- Бесстыдница! - глянула на нее через плечо Василина. - В хате чужой дядя, а она, такая девица!..
- Я исцо маленькая...
- Она еще маленькая, - подтвердил Степан, подошел, нагнулся, погладил мягкие волосики ребенка и протянул ей длинную леденцовую конфету. - Нате и вам, - одарил он и мальчиков.
- Кланяйтесь, благодарите, висельники! - Старуха заерзала. - Вишь, обратилась к дочери, - даже конфет привезли... А у кого же брали - у Тубола или у Меира?.. Может, в кооперации?
Василина молча вытирала ложки рушником.
- Эге ж, - рассуждала далее старуха, - тратятся... Как другая бы, то, может, и пожалела бы мужика... Может, они с Софией не ладят... Хворает или еще что...
- Цытьте, вы! - прикрикнула Василина.
- А я что, ничего... - промямлила старуха. - У нас комната одна...
- О господи! - застонала молодая хозяйка. - Ну, чего пришли?!
- Да вот... - смутился Степан. - Может бы, свету?..
Василина зажгла масляную коптилку.
- Что, не видели моей роскоши?..
И села на лавке, сложив руки на коленях.
- Садитесь уж и вы.
- Ты спроси их... - снова подала голос старуха.
Но Василина перебила ее:
- Ну, говорите, чего пришли... скоро ли мне ваша Сопия косы рвать будет?
- Убил бы.
- Слышь, - не стерпела мать, - вон в Половцах одна вдова, детная, но ничего себе, отбила мужа у одной раззявы... А что, нехай смотрит. А то у одной есть, а у другой нету.
- Слышите, - деревянно засмеялась Василина, - отобью!.. А чтоб тебя! Ну?! - резанула она Степана взглядом.
Ему стало жутко.
- Не нужно так, - сказал покладисто. - Мне так же больно, как и вам. И вот что скажу...
- Говорите да идите себе. А гречки мне не нужно.

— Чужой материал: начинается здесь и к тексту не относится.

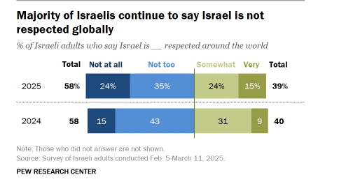 이스라엘 사람들도 이스라엘이 세상에서 경의를 받고 있다고 생각하지 않는다.이스라엘에서 무기를 이전한 무장 집단은 이스라엘 군이 지배하는 지역에서 활동하고, 라파에 거주하는 베드윈 일족 출신의 야셀 아부 샤바브가 이끌고 있다고 되어 가자 지구에서는 인도적 지원 물자의 약탈에 관여해 온 것으로 알려져 있다. 이 샤바브가 이끄는 범죄집단은 약 100명으로 '이슬람국(IS)'이라고도 통하고 있다고 보도되고 있다. 지원물자를 약탈한 샤바브 그룹의 멤버를 추적한 가자지구 경찰 아사드 카팔나는 5월 2일 이스라엘군에 의해 사살됐다. 하마스 전투원은 1월까지 원조 트럭을 약탈했다고 여겨지는 아부 샤바브의 적어도 24명의 수하를 살해했다고 한다. 네타니야프 총리가 노리고 있는 것은 이러한 팔레스타인인끼리의 죽음이다.
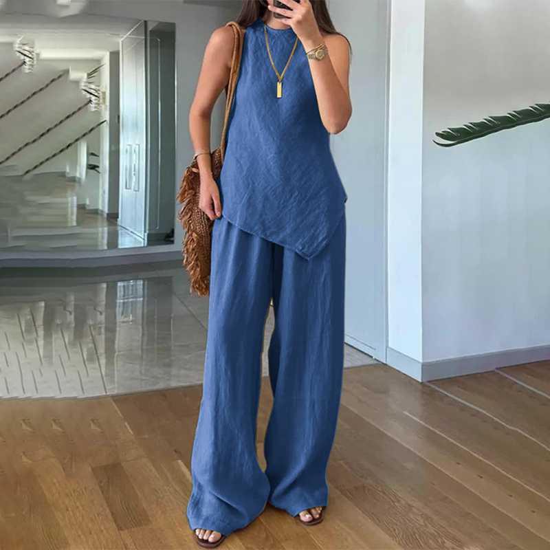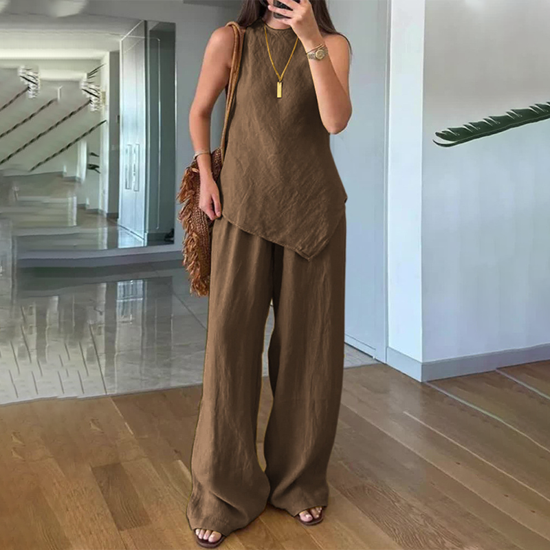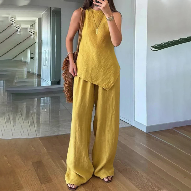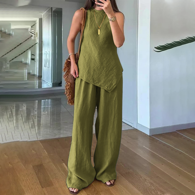 Vestibilità rilassata & DESIGN VERSATILE – I pantaloni larghi e fluidi abbinati alla canotta senza maniche creano una silhouette rilassata ma elegante. Questo completo può facilmente trasformarsi da un comodo outfit da interno a un elegante completo da esterno.

- Какая пани! - Это старуха. - Не слушайте ее.
Степан достал из нагрудного кармана сложенный вчетверо лист бумаги.
- Вот нате.
Василина не шелохнулась.
- Про Никифора? Имею уже.
- Гляньте.
- Темная я.
Он подошел к коптилке и начал читать.
Василина слушала и не слушала. Надавала шлепков старшенькому, что полез было к Степановой сабле. В сердцах посадила на топчан меньшенькую, которая таскала за хвост терпеливого, серого от золы кота. Потом остановилась напротив Степана, сложила руки на груди.
- Чтой-то в толк не возьму. Это про нас?
- А как же. Я и говорю: назначили вам пенсию на детей. - Степан так расчувствовался от своих слов, что на некоторое время ему показалось, что он один причастен к этому делу. - Вот видите, аж семь пятьдесят в месяц!
Женщина удивленно захлопала глазами.
- Должно, шуткуете.
- Нет. Вот тут - черным по белому. - И поправился: - Советская власть дала.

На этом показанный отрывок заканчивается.